THE PROBLEM = Print the data once more, exactly as given. Drop the pictures.

BEGIN DATA UNDER STUDY

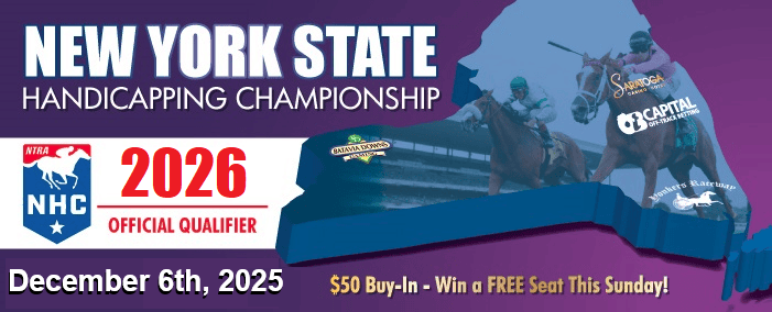 Register below for the 12/6 New York State Handicapping Championship! Comptetition begins at 9:00am! Please note that in order to participate, you MUST be an NTRA member. NTRA Registration is available HERE for all participating horseplayers.
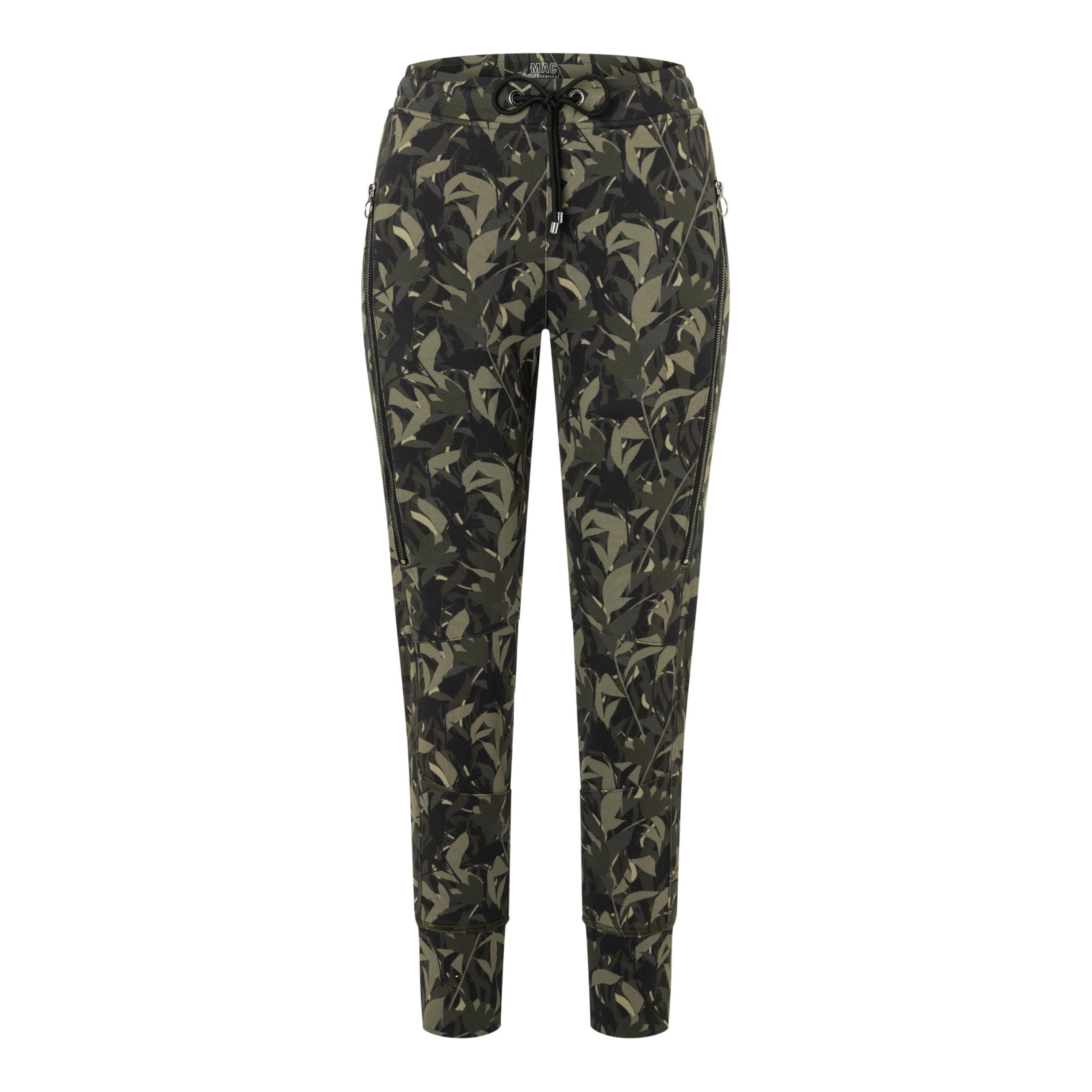Relaxte pantalon van MAC Jeans, model Future 2.0 in dark hunt green printed. Deze broek is gemaakt van een soepel vallende stof met camouflage motief en heeft een elastische tailleband met trekkoord. De broek heeft taps toelopende broekspijpen met twee zakken achter ritsjes aan de voorzijde.
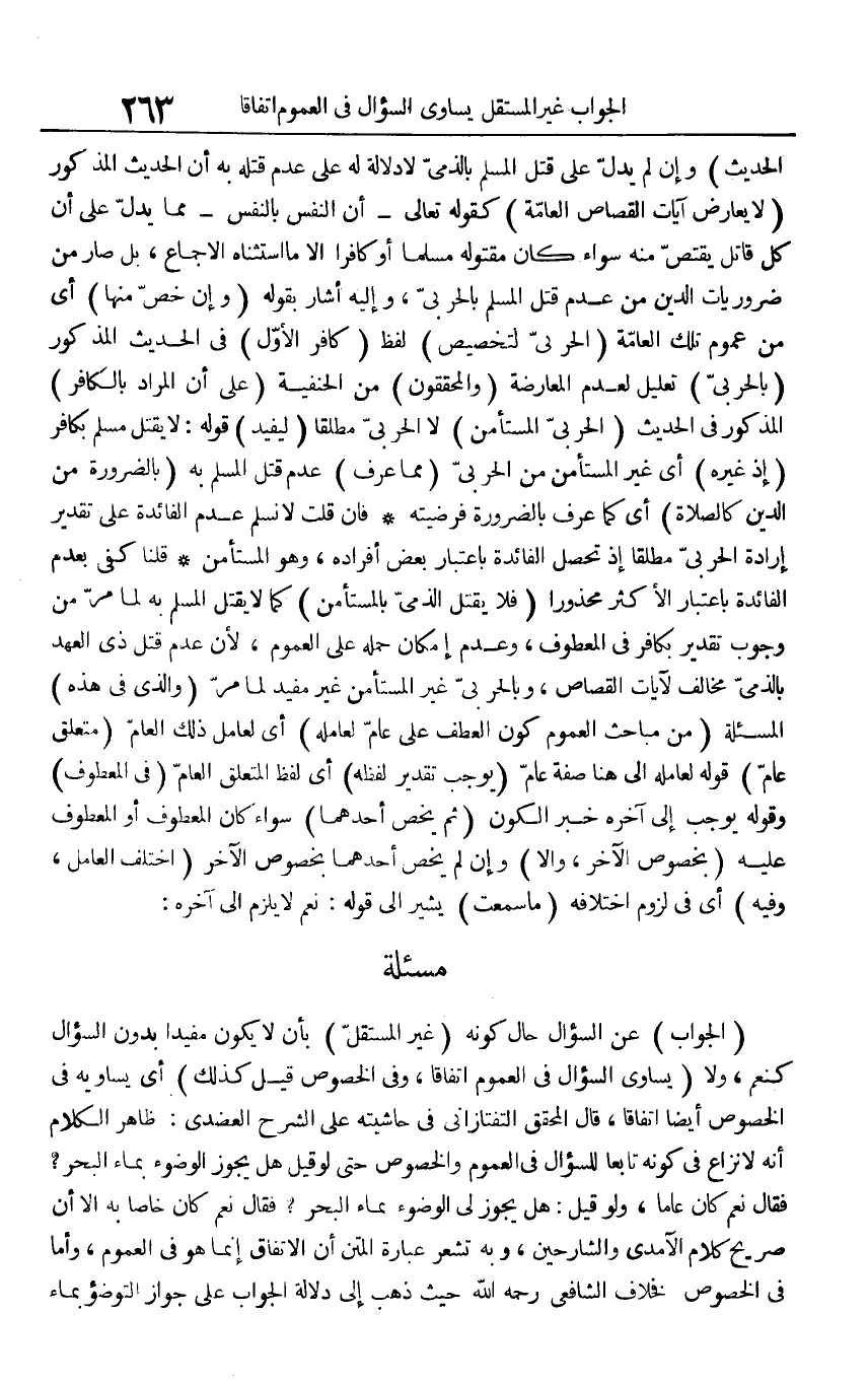 (الْجَواب) عَن السُّؤَال حَال كَونه (غير المستقل) بِأَن لَا يكون مُفِيدا بِدُونِ السُّؤَال كنعم، وَلَا (يُسَاوِي السُّؤَال فِي الْعُمُوم اتِّفَاقًا، وَفِي الْخُصُوص قيل كَذَلِك) أَي يُسَاوِيه فِي الْخُصُوص أَيْضا اتِّفَاقًا، قَالَ الْمُحَقق التَّفْتَازَانِيّ فِي حَاشِيَته على الشَّرْح العضدي: ظَاهر الْكَلَام أَنه لَا نزاع فِي كَونه تَابعا للسؤال فِي الْعُمُوم وَالْخُصُوص حَتَّى لَو قيل هَل يجوز الْوضُوء بِمَاء الْبَحْر؟ فَقَالَ نعم كَانَ عَاما، وَلَو قيل: هَل يجوز لي الْوضُوء بِمَاء الْبَحْر؟ فَقَالَ نعم كَانَ خَاصّا بِهِ إِلَّا أَن صَرِيح كَلَام الْآمِدِيّ والشارحين، وَبِه تشعر عبارَة الْمَتْن أَن الِاتِّفَاق إِنَّمَا هُوَ فِي الْعُمُوم، وَأما فِي الْخُصُوص، فخلاف الشَّافِعِي رَحمَه الله حَيْثُ ذهب إِلَى دلَالَة الْجَواب على جَوَاز التَّوَضُّؤ بِمَاء
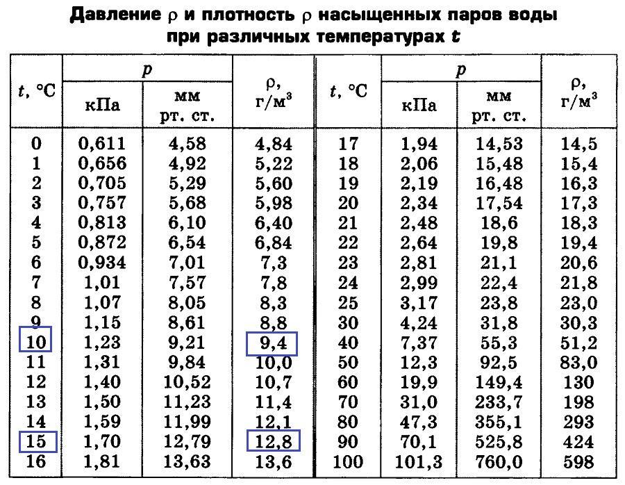ρ₀ = 12,8 г/м³ (см. Приложение)
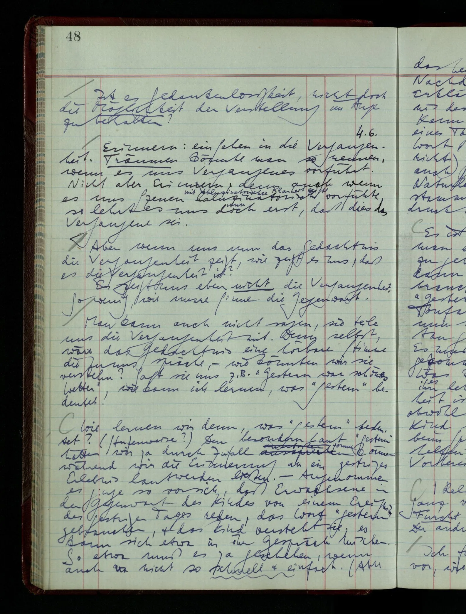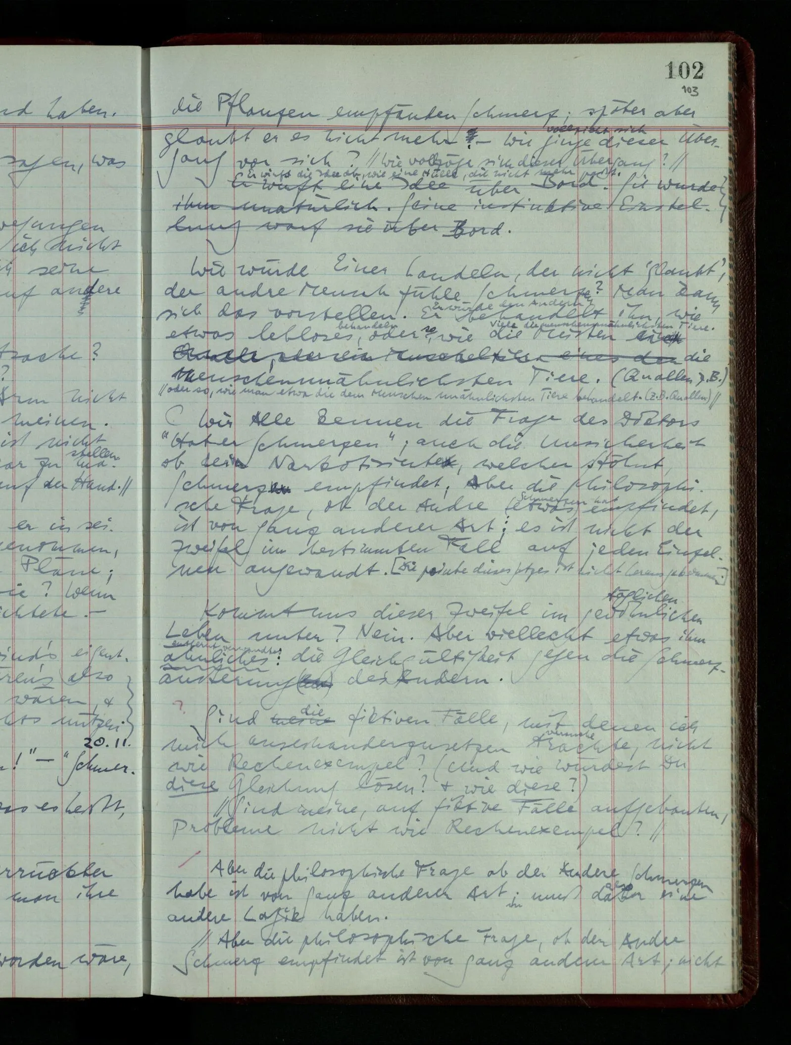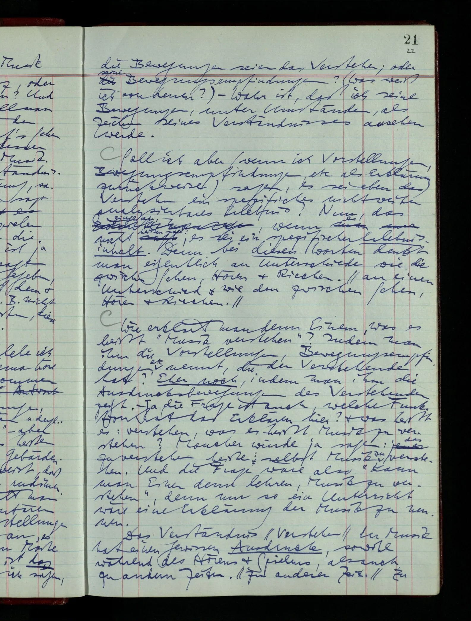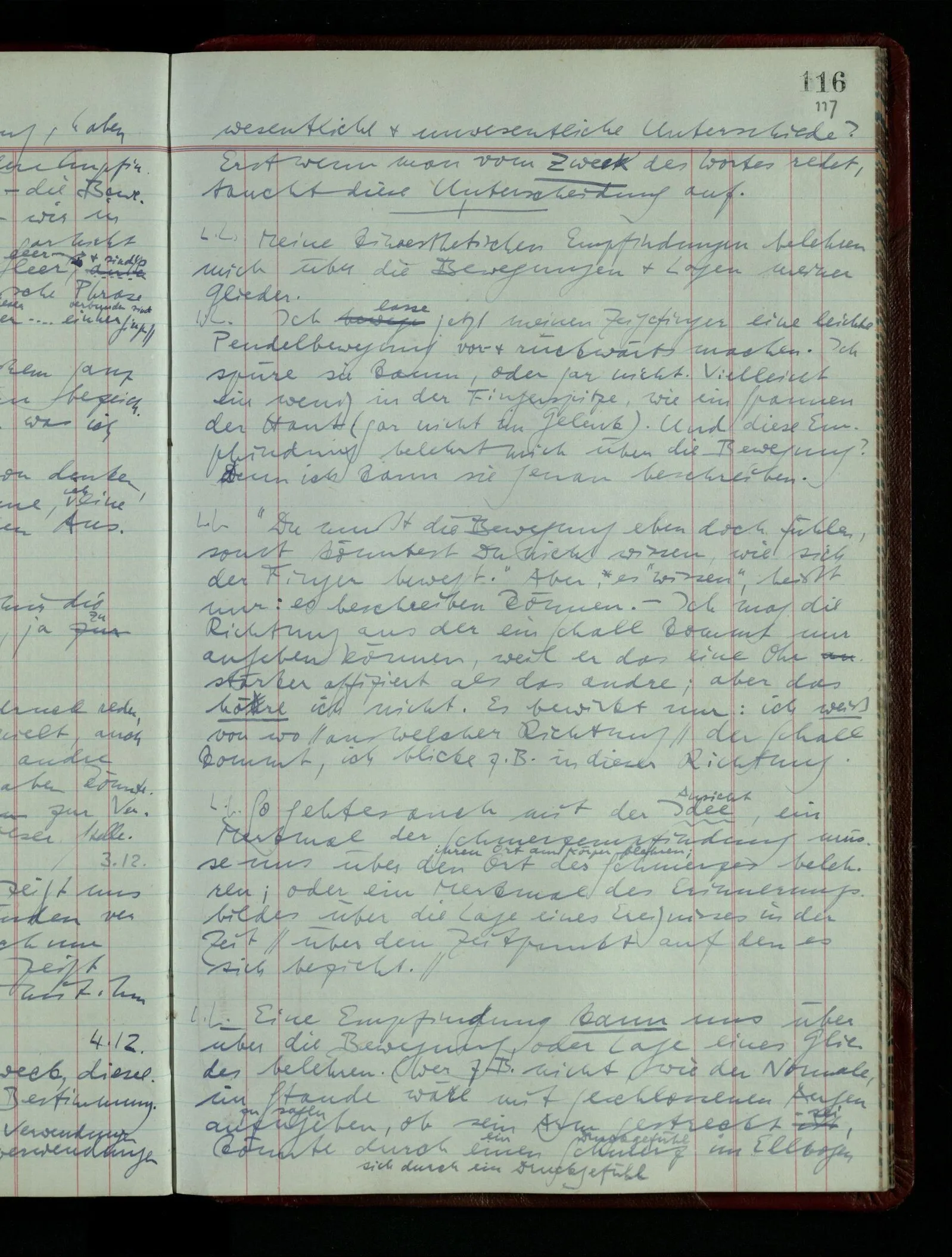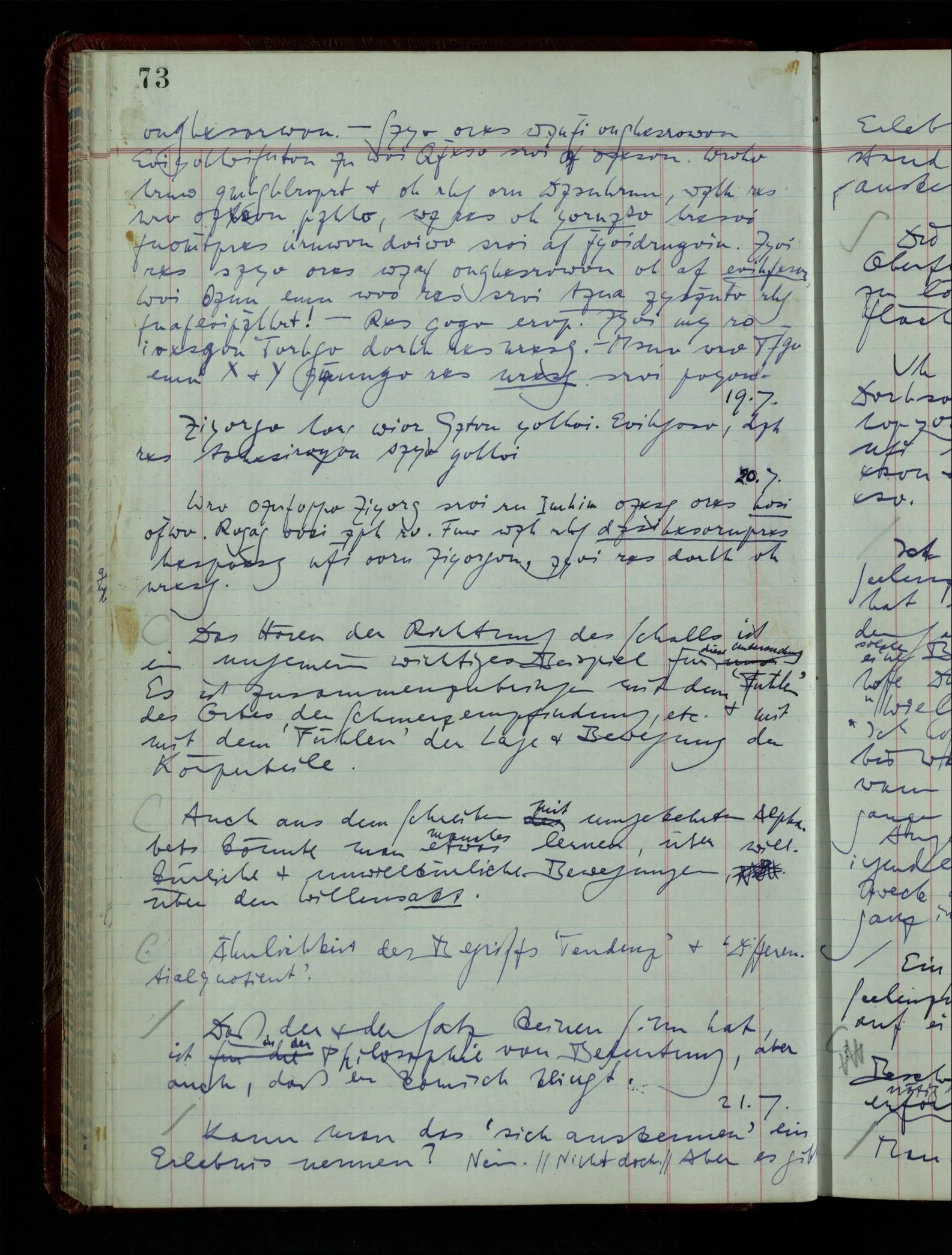 04.02.1948 Sinneseindrücke. Sie scheinen ihrer Natur nach ähnlich. Was meinen wir damit? “Kann es denn Unähnlicheres geben als einen Ton & eine Farbe?” möchte man fragen. Aber auch hier macht man einen seltsamen Fehler. Denn was ist die Funktion dieser Aussage? Wem macht man diese Mitteilung? Vielleicht Einem, dem unsre Sprache & dessen Sprache uns fremd ist, & dem wir ein großes Mißverständnis erklären wollen. Es handelt sich also um eine Erklärung einer Bedeutung.

END DATA UNDER STUDY

ANSWER TO THE EXERCISE =
 Register below for the 12/6 New York State Handicapping Championship! Comptetition begins at 9:00am! Please note that in order to participate, you MUST be an NTRA member. NTRA Registration is available HERE for all participating horseplayers.
Relaxte pantalon van MAC Jeans, model Future 2.0 in dark hunt green printed. Deze broek is gemaakt van een soepel vallende stof met camouflage motief en heeft een elastische tailleband met trekkoord. De broek heeft taps toelopende broekspijpen met twee zakken achter ritsjes aan de voorzijde.
 (الْجَواب) عَن السُّؤَال حَال كَونه (غير المستقل) بِأَن لَا يكون مُفِيدا بِدُونِ السُّؤَال كنعم، وَلَا (يُسَاوِي السُّؤَال فِي الْعُمُوم اتِّفَاقًا، وَفِي الْخُصُوص قيل كَذَلِك) أَي يُسَاوِيه فِي الْخُصُوص أَيْضا اتِّفَاقًا، قَالَ الْمُحَقق التَّفْتَازَانِيّ فِي حَاشِيَته على الشَّرْح العضدي: ظَاهر الْكَلَام أَنه لَا نزاع فِي كَونه تَابعا للسؤال فِي الْعُمُوم وَالْخُصُوص حَتَّى لَو قيل هَل يجوز الْوضُوء بِمَاء الْبَحْر؟ فَقَالَ نعم كَانَ عَاما، وَلَو قيل: هَل يجوز لي الْوضُوء بِمَاء الْبَحْر؟ فَقَالَ نعم كَانَ خَاصّا بِهِ إِلَّا أَن صَرِيح كَلَام الْآمِدِيّ والشارحين، وَبِه تشعر عبارَة الْمَتْن أَن الِاتِّفَاق إِنَّمَا هُوَ فِي الْعُمُوم، وَأما فِي الْخُصُوص، فخلاف الشَّافِعِي رَحمَه الله حَيْثُ ذهب إِلَى دلَالَة الْجَواب على جَوَاز التَّوَضُّؤ بِمَاء
ρ₀ = 12,8 г/м³ (см. Приложение)
 04.02.1948 Sinneseindrücke. Sie scheinen ihrer Natur nach ähnlich. Was meinen wir damit? “Kann es denn Unähnlicheres geben als einen Ton & eine Farbe?” möchte man fragen. Aber auch hier macht man einen seltsamen Fehler. Denn was ist die Funktion dieser Aussage? Wem macht man diese Mitteilung? Vielleicht Einem, dem unsre Sprache & dessen Sprache uns fremd ist, & dem wir ein großes Mißverständnis erklären wollen. Es handelt sich also um eine Erklärung einer Bedeutung.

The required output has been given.